Figure 2 shows a preferred embodiment, wherein the operations of both the first and second stage are carried out by a single processing unit 140 (in which the first and second processing units 140a, 140b are thus collapsed), and one single memory M is used (in which the first and second memories Ml, M2 are collapsed). In greater detail, the processing unit 140 comprises a data collection unit 141 (which collects both the first and second report signals R.S1, R.S2) and a processing module 142 (which performs the operations carried out by both the first and second processing module 142a, 142b; in particular, the processing module 142 can be implemented as the aforementioned machine learning tool 143).

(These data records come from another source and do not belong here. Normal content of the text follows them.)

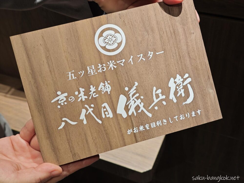 あまりに美味しいのでお聞きしたら、京都のお米屋さん八代目儀兵衛の五つ星お米マイスターが目利きしたお米を使用しているそうです。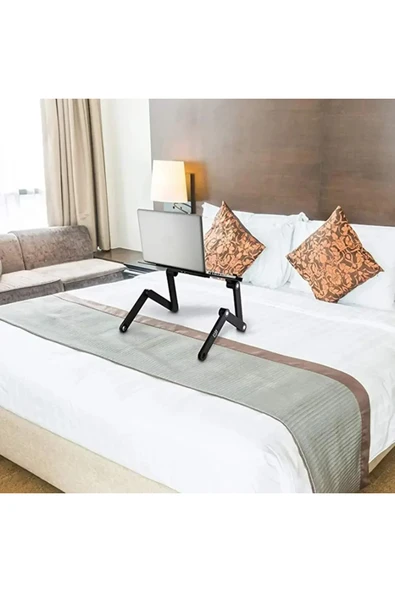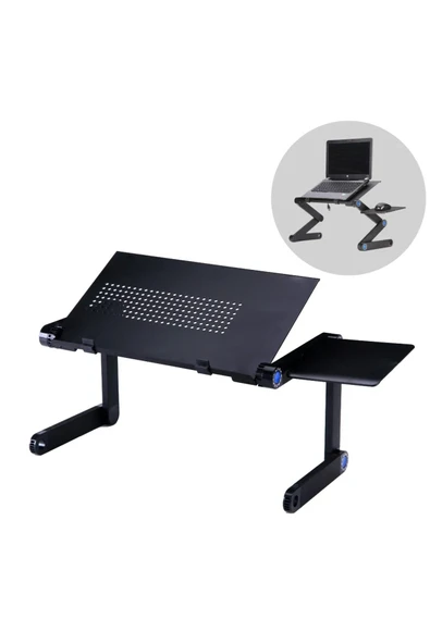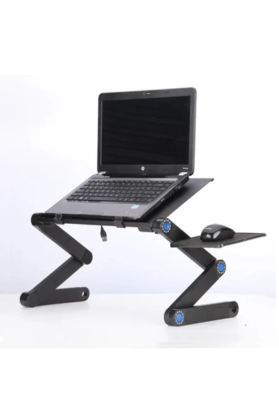 Laptop Masası Katlanabilir Çift Fanlı, Soğutucu Sistemli, Mouse Alanlı Taşınabilir Sehpa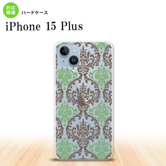 iPhone15 plus iPhone15 plus スマホケース 背面ケース ハードケース ダマスク A クリア 茶 緑 2023年 9月発売 nk-i15pl-459

In the above description, reference has been to one detection zone only. The Applicant notes that the invention also applies to scenarios wherein two or more detection zones are considered, in particular different zones from which traffic converges into one path/route to the zone of interest.

In view of the above, the Applicant observes that a possible scenario according to which the present invention can be implemented is the following :

- a telecommunications operator receives the report signals (as said, for example, MDT signals), i.e. the first report signals R.S1 and the second report signals R.S2;

- a first industrial/commercial entity, based on the first report signals R.S1 provided by the telecommunications operator, sets up and configures the prediction model (i.e. determines the reference data);

- a second industrial/commercial entity, receives the configured prediction model from the first industrial/commercial entity and, based on the second report signals R.S2 provided by the telecommunications operator, using the configured prediction model, performs the traffic prediction (i.e. generates the data signal DS).

Example #1

In a first example, the Applicant has tested the implementation of the invention for pedestrian traffic, in pedestrian zones of a city (i.e. zones in which, apart limited exceptions, the access of motor vehicles is not permitted).

The zone of interest is defined as a place wherein a crowd of tourists is often present; the detection zone is an area crossed by a significant portion of the people directed to the zone of interest. The distance between the zone of interest and the zone of detection is approximately 2km.

Predictive model SVM (Support Vector Machine) has been used; two levels of traffic have been defined (with respective labels "high", "low").

Detection of MDT signals were made for several days, in different time intervals in each day.

Several predictors were tested; number of people and speed variance resulted as the most accurate.

Prediction times equal to 10, 20 and 30 minutes were considered. A prediction time of 20 minutes was finally determined to be the most appropriate.

Example #2

In a second example, the Applicant has tested the implementation of the invention for vehicle traffic on a highway.

The zone of interest is defined as a particular area wherein quite often, especially at a certain time of each day, the traffic is very congested; the detection zone is a 40km stretch of highway leading to the zone of interest.

Predictive model KNN (K-Nearest Neighbor) has been used, with k=3; three levels of traffic have been defined (with respective labels "flowing", "heavy", "congested").

Detection of MDT signals were made for a couple of weeks, in different time intervals in each day.

Several predictors were tested; the speed average resulted as the most accurate.

Prediction time equal to 15 minutes has been successfully tested.